My grandma isn’t doing so well and we are praying that she makes it through the holidays. She was diagnosed with lung cancer last year around Christmas time. She hasn’t smoked in over 10 years. But somehow she was already in a late stage. She did chemo treatments, but they gave her an extra strong dose and she got really sick and had to be put in a rehab facility for senior citizens. There, she did physical therapy to get her strength back so she could continue the chemo. Well she got to come home but she wasn’t strong enough for chemo anymore. My mom, and uncle were the only ones out there everyday to help her, since my grandpa is 91 and can only do so much. And now she can’t walk, and they think she make have had a small stroke because she’s not talking as much and is getting much weaker. They have decided to put her in a nursing home and my mom is getting mad because no one will take her because she only has medicare, even though she’s been putting into it all of her life. My mom is taking this very hard. It hasn’t hit me yet that soon my grandma will not be here anymore. I am not much of an emotional person, so I think my mom gets mad when she see’s that I’m not crying about it like her, yet. My grandma is very special to me! She has been like another mother, and I am the closest grandchild with her. Growing up I spent every summer with her Up North, and she’s taken me to do so many important things in my life. And it is so hard to see how much her health has declined in one year. It’s just hard for me to see her this way. And the hardest thing for me get through is that she wont be there to see me get married, and she wont be able to see my future children. One thing that comforts me though is that she is going to heaven. And she gets to see her sons, my uncles, Dennis and Jerry. She will also get to see her mom again, and everyone else that she has been missing over the years. I don’t know. I always picture heaven like where the Care Bears live. Just with people bouncing around along with the carebears. I still will be extremely sad and emotional when she passes. I may go a little crazy for a minute too. Like I said, she is a VERY special person in my life. I just wish I could keep her in my life forever. 🙂





Reason’s why I need to move out on my own.

15 12 2009

1) I hate having to compete for the bathroom. I want to be able to get up and get ready at anytime of the day and not have to worry around somebody.

2) I want to not live like a slob.
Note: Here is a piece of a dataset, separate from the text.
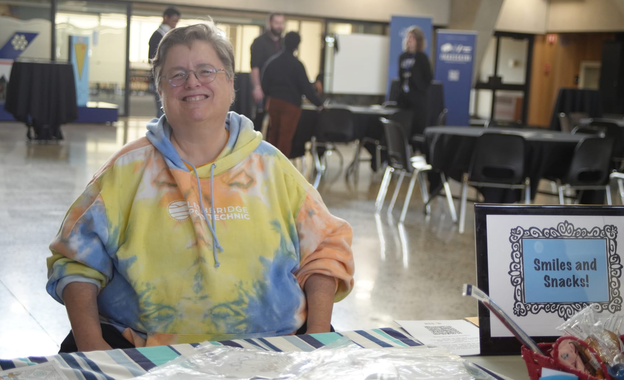 Smiles and Snacks, part of the Kerber Friendship Program, was born. Volunteers hand out snacks and smiles once a week at the college and university. Some volunteers bring their knitting or crocheting, and other craft materials are also available. The popular program never lacks volunteers.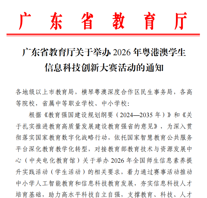 为深入落实国家教育教学化战略,推动中小学人工智能教育与信息科技创新教育的发展,广东省教育厅联合珠海市人民政府、香港、澳门特区教育局等多方力量,正式启动 “2026 年粤港澳学生信息科技创新大赛”。本届大赛以 “创想、创作、创新、创造——迎接人机共智美好未来” 为主题,旨在打造粤港澳大湾区科创教育协同发展的全国性品牌,为三地学生搭建一个展示信息素养与科技创新能力的广阔舞台。

It’s hard not to when there are too many dishes and not an easy way to clean them with limited cleaning supplies.

3) I wont have to transport my dog from one place to another all the time. Or worry about him chewing up things that are not mine.

4) I want to put up a Christmas tree, and holiday decorations.
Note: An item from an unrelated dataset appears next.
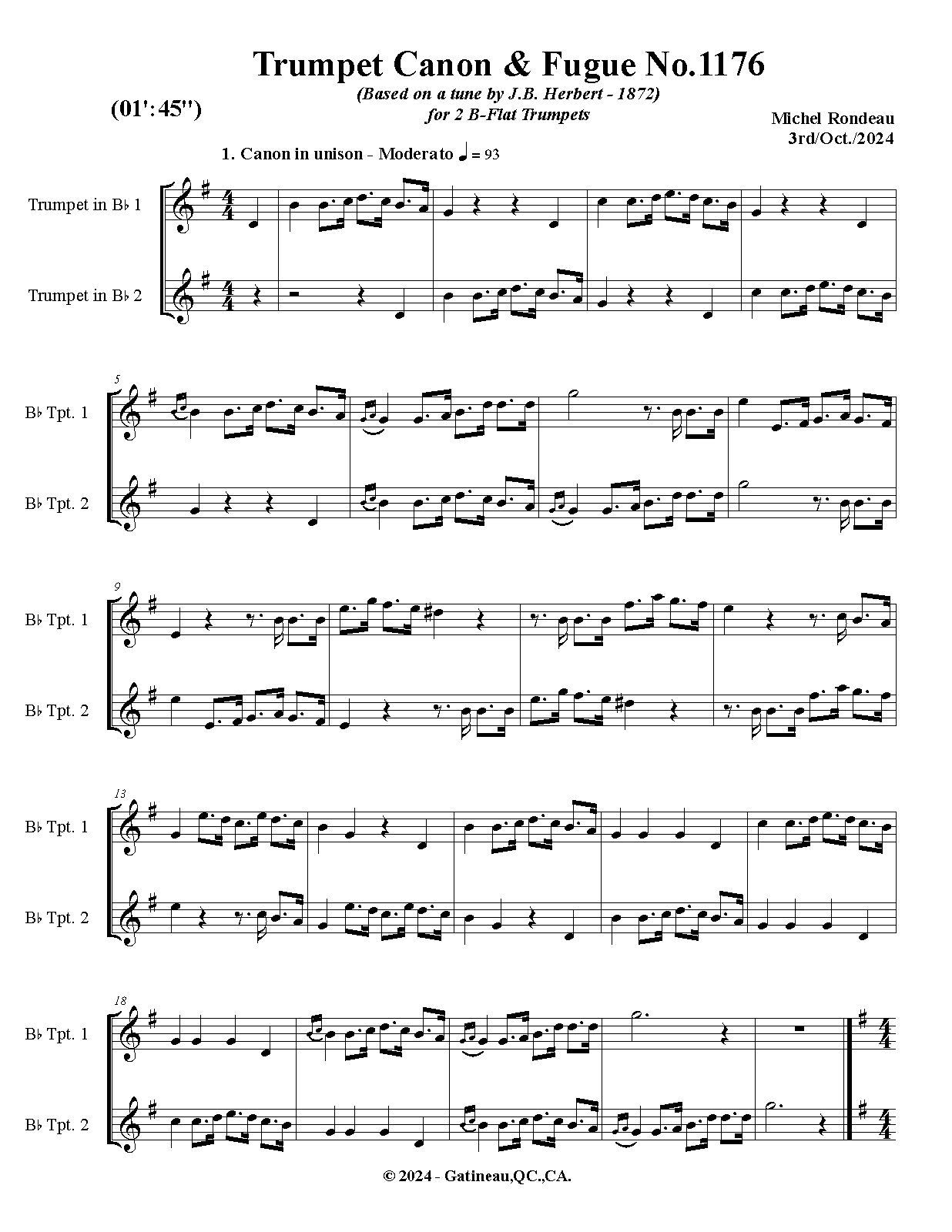 | Work Title | Trumpet Canon & Fugue No.1176 |

This is an open blog. Meaning I will keep adding and updating it whenever I feel necessary.





2nd Day Subbing

15 12 2009

My feelings on this job are so up and down.
In the morning and night I just really hate it. I think…I hated high school because I had to be up so early. Why am I torturing myself with this again?
Then I get to Charlotte’s first hour and they are so good! Quite, respectful. Then the second hour comes along and they are ghetto and annoying! The guys are definitely guys I would not have hung out with in High School. This class I’m in now is the same way. A bunch of delinquents. Only a couple kids sit and do what they are supposed to, while the rest listen to music or play games. It’s ok though. That would have been me. I was a bad kid in high school and I would have taken any opportunity to get out of doing actual work. Oh I have to do a lot more reading today. I have to read aloud to practically every class. The book that I have to read to the majority of the classes is pretty easy. It’s some kind of ghost story. But I have to read this really boring WW2 novel to the second hour. And they are clearly unenthused about it. I feel like I’m teaching elementary school, but it’s not as fun because they aren’t interested. 
Idk, the thing that makes me mad about the kids that I’m subbing, are the future but all they talk about is fighting, drugs, sex. But I guess I am in a Burton School, I should offer to teach the advanced placement kids instead. Then I wouldn’t have to listen to this stupidness.

I am starving by the way.  I want Halo Burger!